В это время Пётр Фадеевич опять обводит нас своим мертвенным взглядом, но через минуту снова успокаивается.


-- Вылезает из экипажа, -- продолжает рассказчик уже более осторожно, -- обращается к губернатору и говорит: "Ваше превосходительство, пожалуйте-с, выходите-с!"


-- Почему? -- спрашивает тот.


-- Кобыла жеребится, самым хладнокровным образом докладывает Пётр Фадеевич.


-- Как жеребится?! Не может быть! Что же вы раньше думали? -- восклицает губернатор, крайне сконфуженный.


-- Да я, было, думал, продержится, а она вишь ты, как поторопилась! -- и старик сам помогает губернатору выйти из экипажа.


-- Так и уехали на извозчике.


-- Ха-ха-ха! -- снова покатываемся все мы со смеху, но уже на этот раз так громко, что с другого стола начали долетать до нас отрывочные вопросы: Что такое? Что у вас случилось?


Играть кончили.


Деданов заметил, что я хочу ехать, -- идёт ко мне, берёт под руку, многозначительно отводит в сторону, и снова принимается убеждать ехать к нему.


-- П-п-поедем ко мне!


-- Не могу; я же говорил вам, что тороплюсь в Питер.


-- Мы к князю Кунгурову съездим, он ж-ж-желает с вами п-п-познакомится, -- как бы поддразнивая меня, настаивает приятель.


Слово "Кунгуров" производит на меня магическое действие. Я так много слышал о нём в здешнем крае, о его несметном богатстве, о чудачествах его и сказочных затеях в имении, что у меня невольно возгорается желание побывать там.


-- Что это ему вздумалось познакомиться со мной? -- говорю Деданову.


-- Д-д-да он говорил, что думал одно время тоже закладывать своё имение, да потом и п-п-передумал.


-- С чего ему-то закладывать... такому богачу?


-- А Б-б-бог его знает с чего, кажется, денег у него хоть п-п-пруд пруди, сам недоумевая, отвечает старик.


-- Когда вы хотите ехать к нему?


-- А хоть сейчас! Ведь тут всего пятнадцать вёрст до Жеребцова. Отсюда и п-п-поедем -- отвечает мой приятель с таким решительным видом, что кажется, потребуй я сейчас ехать на луну, то старик и на то согласился бы, лишь бы после того я ехал к нему в гости.


-- Ладно, едем! -- говорю. Только смотрите, завтра же назад.


-- Когда хотите, доставлю! -- радостно бурчит Деданов. Мы прощаемся с земскими деятелями и уезжаем.



II


Резвая тройка легко мчит нас по широкой столбовой дороге, местами обсаженной ракитами и берёзами. Ветер в лицо. Облако серой пыли далеко стелется за нами по земле. Деданов уютно откинулся на правый бок коляски, закрылся чуть не с головой парусиновым балахоном, и мягко покачиваясь на эластичных рессорах, переругивается, как подобает старому крепостнику со своим кучером Павлом.

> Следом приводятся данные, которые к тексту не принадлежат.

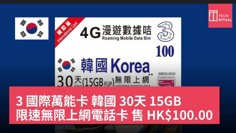3 國際萬能卡 韓國 30天 15GB 限速無限上網電話卡 售 HK$100.00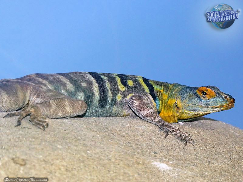 Каменные игуаны – довольно крупные ящерицы, длина тела которых достигает 45 см. Они высококлассные скалолазы. Ноги у них расставлены так широко, а туловище способно уплощаться настолько, что игуана без труда взбирается даже по отвесным скалам и проскальзывает в самые узкие расщелины. Как и ее сородичи, преследуемая хищником, она легко отбрасывает хвост, обеспечивая себе несколько лишних секунд для бегства.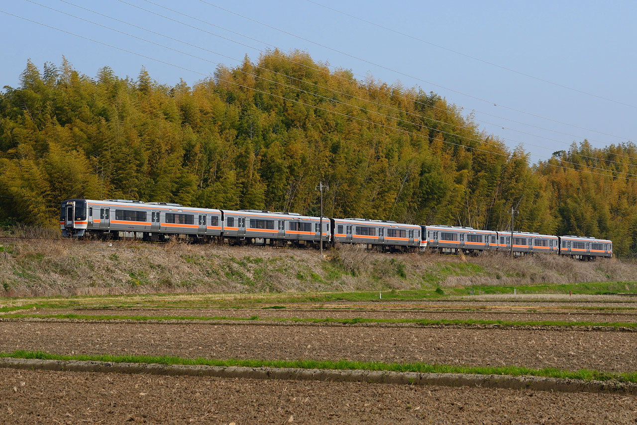 | 2026.3/28 伊勢鉄道 河芸〜東一身田 キハ75形6連 9751D Nikon D610+AF-S NIKKOR 24-85mm f/3.5-4.5G ED VR (美濃太田区のキハ75形6連が伊勢鉄道を走る貴重なシーンは記録に残しておきたい) |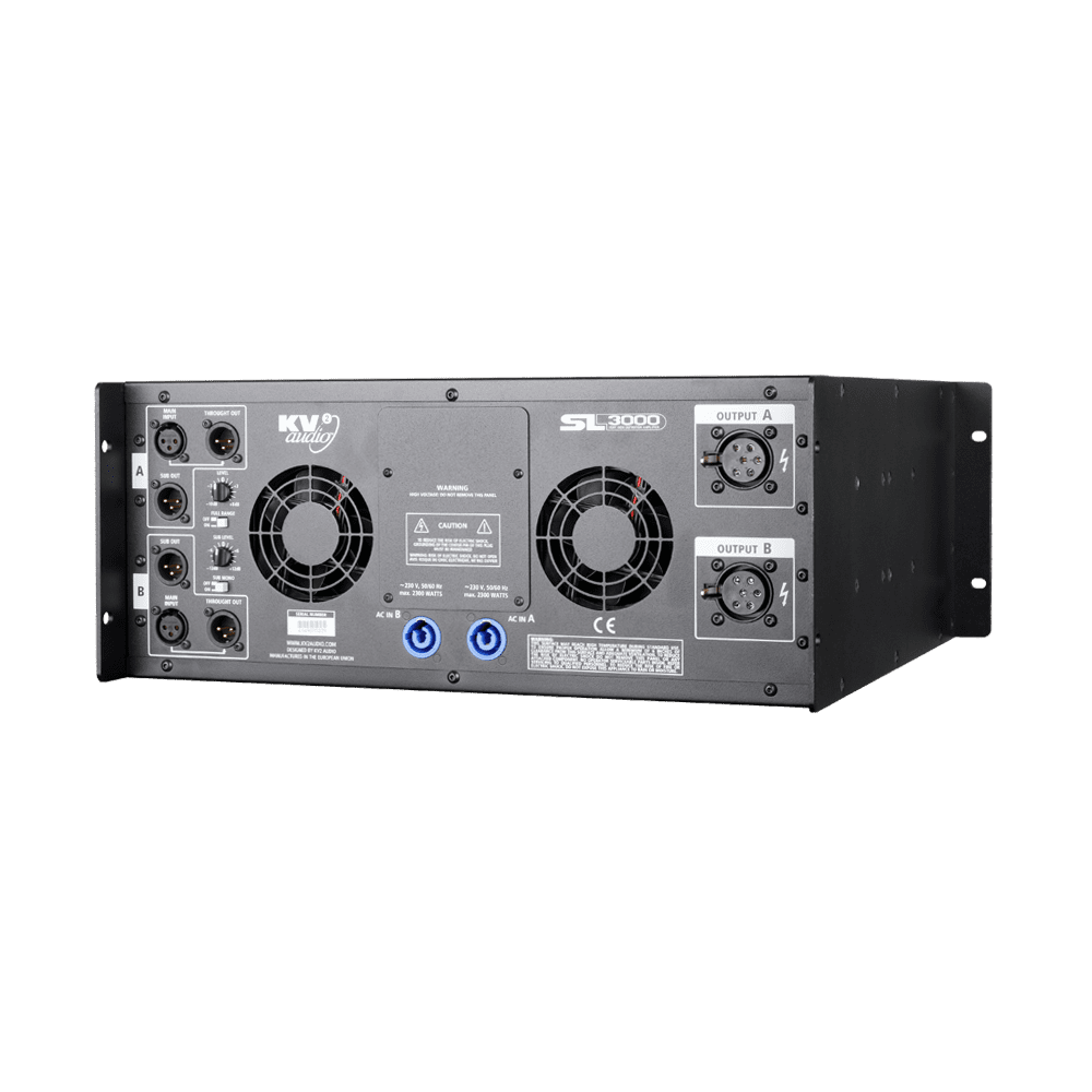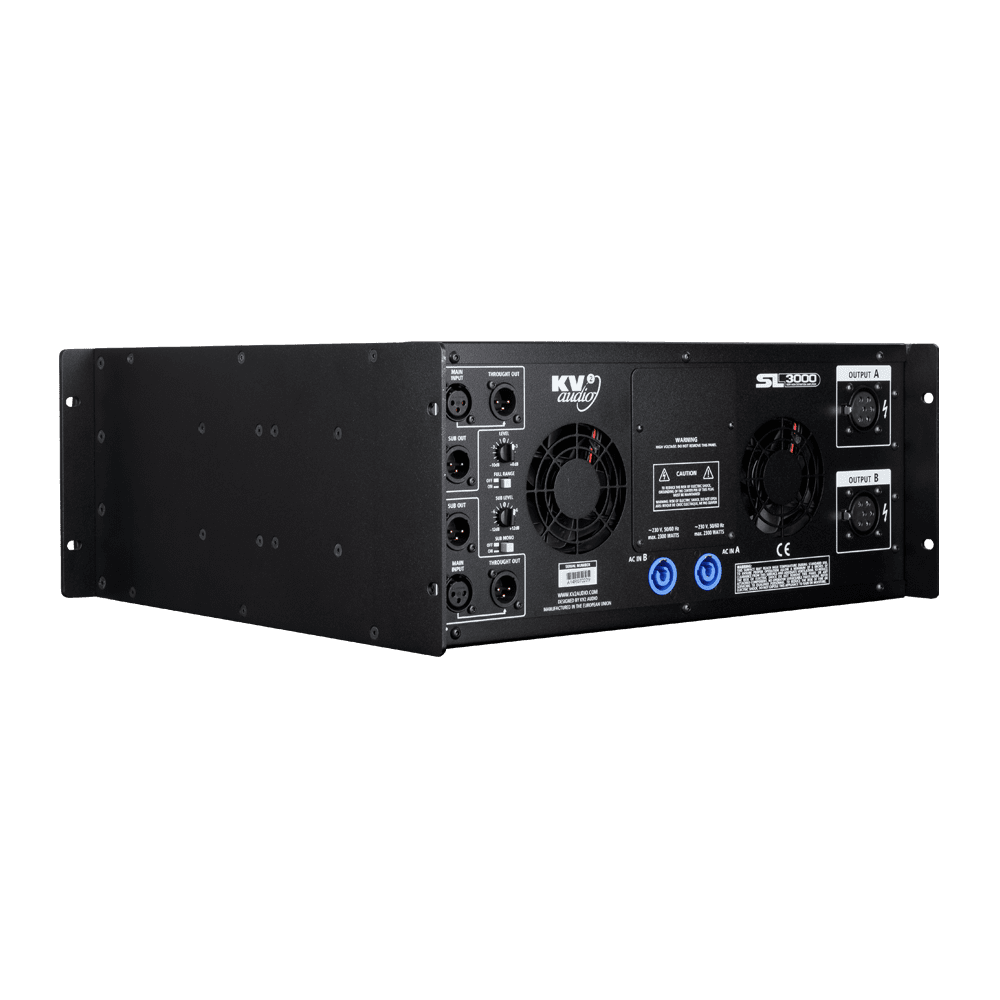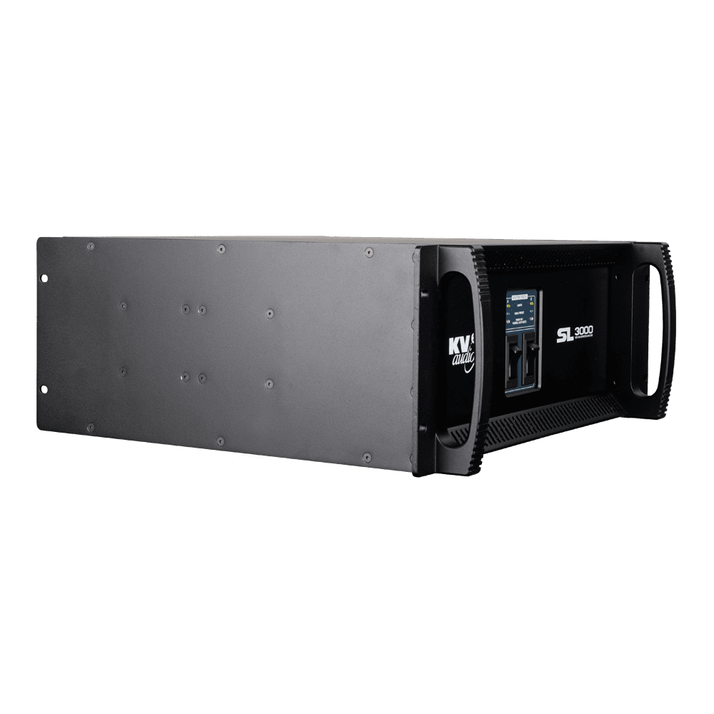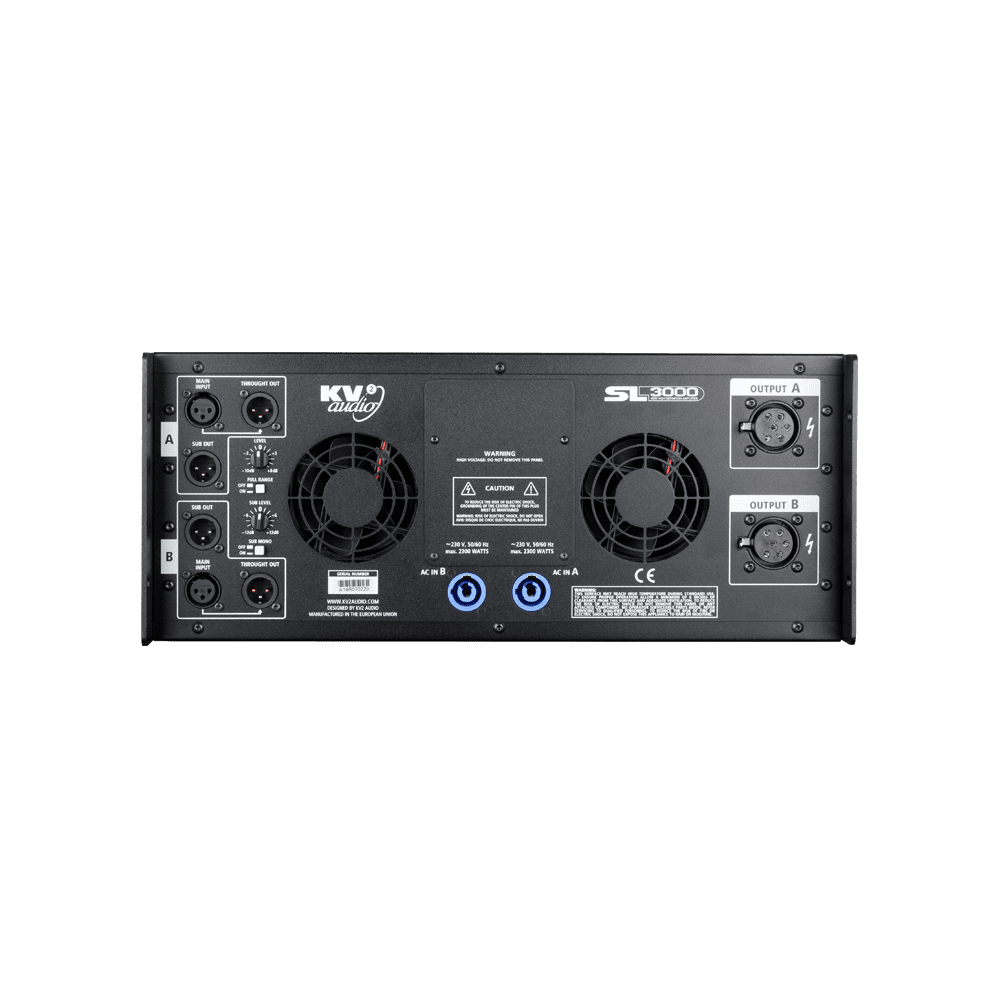 El amplificador SL3000 es un sistema de amplificación y control activo de tres vías diseñado específicamente para los sistemas de altavoces modulares de la serie KV2 Audio SL. El amplificador estéreo SL3000 impulsa y controla un SL412 por canal y sigue el enfoque holístico típico de KV2 de combinar componentes con electrónica de alta calidad para un verdadero rendimiento directo. El SL3000 utiliza una tecnología de modo conmutado de alta eficiencia de 1000 vatios, mejora de corriente, con un diseño de filtro activo lineal para la sección media baja, un amplificador de diseño de intermodulación baja push-pull de clase AB de 200 vatios para el rango medio y un diseño similar de 100 vatios para las frecuencias altas. Alberga alineación permanente, corrección de fase, amplificación y ecualización, además de proporcionar una salida cruzada de subwoofer externa para ejecutar más gabinetes de subwoofer si es necesario.

Павел этот был забавный субъект.


Вызнав хорошо привычки и характер своего барина, он понял отлично, что с Дедановым надо действовать по писанию, т. е. "око за око, зуб за зуб".


-- Д-д-дай волю коренному, д-д-дай волю! -- свирепо орёт помещик осипшим басом.


Павел очевидно, уже привык к подобного рода крикам, а потому и ухом не ведёт. Но хозяин не унимается.


-- Павлуха! Слышишь ли?! Дай волю коренному! -- сильнее орёт он, отчего и сильнее заикается.


-- Дай ему волю, чтобы он надорвался, -- чуть оборачиваясь к нам, в свою очередь огрызается Павел. Рябое лицо его с окладистой бородой выражает затаённую злобу.


-- Ч-ч-чорт! Д-д-дьявол! Завтра же прогоню! -- кричит старик.


-- Зачем завтра, и сегодня можно уйти! Места что ли нет! Слава Богу, -- хладнокровно возражает тот.


Долго ещё спорят они. В конце концов, Деданов, точно исполнив свой долг, что поругался, прикидывается спящим.


Солнце за полдень. Мы едем обширными полями. Вдали на горизонте очерчиваются барские хоромы, утопающие в глубокой зелени тенистых рощ.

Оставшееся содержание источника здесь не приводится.